Measure hit ratio from pg_stat_database, but remember the OS cache catches many “misses,” so a 99% Postgres hit ratio is not the whole truth.
Smooth the checkpoint write storm with checkpoint_completion_target and bgwriter_* settings so dirty-buffer flushes are spread out rather than spiking.
pg_buffercache and pg_prewarm let you inspect and pre-load the cache after a restart.
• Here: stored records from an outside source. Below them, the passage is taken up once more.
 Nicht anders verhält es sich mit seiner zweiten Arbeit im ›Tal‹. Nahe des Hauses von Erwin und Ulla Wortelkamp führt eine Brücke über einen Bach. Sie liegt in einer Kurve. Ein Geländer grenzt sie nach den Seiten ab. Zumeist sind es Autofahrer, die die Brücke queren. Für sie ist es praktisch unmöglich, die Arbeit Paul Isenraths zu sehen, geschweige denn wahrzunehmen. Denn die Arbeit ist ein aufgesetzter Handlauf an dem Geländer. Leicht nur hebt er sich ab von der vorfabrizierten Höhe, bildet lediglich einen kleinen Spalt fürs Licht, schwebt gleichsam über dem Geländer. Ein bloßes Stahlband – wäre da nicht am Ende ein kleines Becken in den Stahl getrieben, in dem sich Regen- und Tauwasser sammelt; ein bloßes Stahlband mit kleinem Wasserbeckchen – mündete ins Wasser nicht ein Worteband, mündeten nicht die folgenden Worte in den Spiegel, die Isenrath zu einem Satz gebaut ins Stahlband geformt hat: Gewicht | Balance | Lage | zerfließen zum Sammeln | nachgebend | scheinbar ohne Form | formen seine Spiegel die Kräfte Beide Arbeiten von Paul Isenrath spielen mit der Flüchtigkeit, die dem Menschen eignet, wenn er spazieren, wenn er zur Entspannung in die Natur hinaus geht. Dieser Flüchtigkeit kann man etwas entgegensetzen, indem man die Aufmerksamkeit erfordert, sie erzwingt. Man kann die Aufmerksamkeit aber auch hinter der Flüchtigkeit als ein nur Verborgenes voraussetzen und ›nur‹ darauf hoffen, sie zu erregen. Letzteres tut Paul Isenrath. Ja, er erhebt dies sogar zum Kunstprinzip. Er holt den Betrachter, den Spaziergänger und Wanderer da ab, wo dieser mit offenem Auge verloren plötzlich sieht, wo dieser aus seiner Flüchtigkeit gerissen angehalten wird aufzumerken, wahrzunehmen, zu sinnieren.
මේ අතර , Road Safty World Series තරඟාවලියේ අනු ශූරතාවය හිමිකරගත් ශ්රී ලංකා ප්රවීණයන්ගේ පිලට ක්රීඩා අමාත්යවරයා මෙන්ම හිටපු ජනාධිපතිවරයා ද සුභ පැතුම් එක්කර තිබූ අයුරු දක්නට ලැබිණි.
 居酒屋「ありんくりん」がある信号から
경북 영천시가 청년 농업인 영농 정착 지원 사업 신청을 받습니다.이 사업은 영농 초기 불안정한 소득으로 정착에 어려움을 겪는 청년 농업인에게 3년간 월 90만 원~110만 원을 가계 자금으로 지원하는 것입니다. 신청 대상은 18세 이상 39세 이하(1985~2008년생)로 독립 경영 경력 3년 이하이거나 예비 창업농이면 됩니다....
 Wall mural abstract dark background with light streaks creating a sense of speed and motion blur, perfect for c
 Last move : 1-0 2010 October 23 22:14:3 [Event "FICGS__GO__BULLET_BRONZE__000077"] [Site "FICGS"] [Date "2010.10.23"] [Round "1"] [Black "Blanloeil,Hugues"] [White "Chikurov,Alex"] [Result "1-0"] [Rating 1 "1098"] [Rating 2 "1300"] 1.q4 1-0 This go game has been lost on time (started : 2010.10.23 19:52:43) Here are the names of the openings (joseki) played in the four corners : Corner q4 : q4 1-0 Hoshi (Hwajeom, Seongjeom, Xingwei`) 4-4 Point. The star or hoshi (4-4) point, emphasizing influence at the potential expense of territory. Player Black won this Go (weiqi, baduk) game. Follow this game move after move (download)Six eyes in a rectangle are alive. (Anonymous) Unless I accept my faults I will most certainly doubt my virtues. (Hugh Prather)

Layer 5 — What an Oracle DBA should expect vs what they get

This is Oracle’s buffer cache in the SGA, but smaller in ambition and reliant on the OS:

No “SGA owns all of RAM.” Oracle typically sizes the buffer cache to hold most of the working set and bypasses the filesystem cache. PostgreSQL deliberately keeps shared_buffers modest and leans on the OS page cache as a second tier — which is why double-buffering, not raw cache size, is the tuning concern.
Clock sweep instead of touch-count LRU lists. Oracle uses LRU/touch-count chains; PostgreSQL uses an approximate-LRU clock sweep with a usage_count that decrements on each pass. The effect is similar (hot pages stay) but there are no separate hot/cold LRU regions to tune.
No DBWR army. Background writing is done by a single bgwriter plus the checkpointer, not a configurable pool of DBWn processes. You tune write smoothing through checkpoint and bgwriter GUCs rather than DBWR counts.
No KEEP/RECYCLE pools. There is one buffer pool. To pin a hot table you pre-warm it with pg_prewarm rather than assigning it to a KEEP pool.

Key takeaway

The buffer cache is a fixed array of 8KB frames, and an approximate-LRU clock sweep with per-buffer usage_count decides what stays. Dirty buffers are flushed by the checkpointer and bgwriter, not at commit — WAL already guarantees durability. Size shared_buffers for the working set but leave room for the OS cache, and treat the post-checkpoint write spike as the cost of deferring page writes, not a bug to eliminate.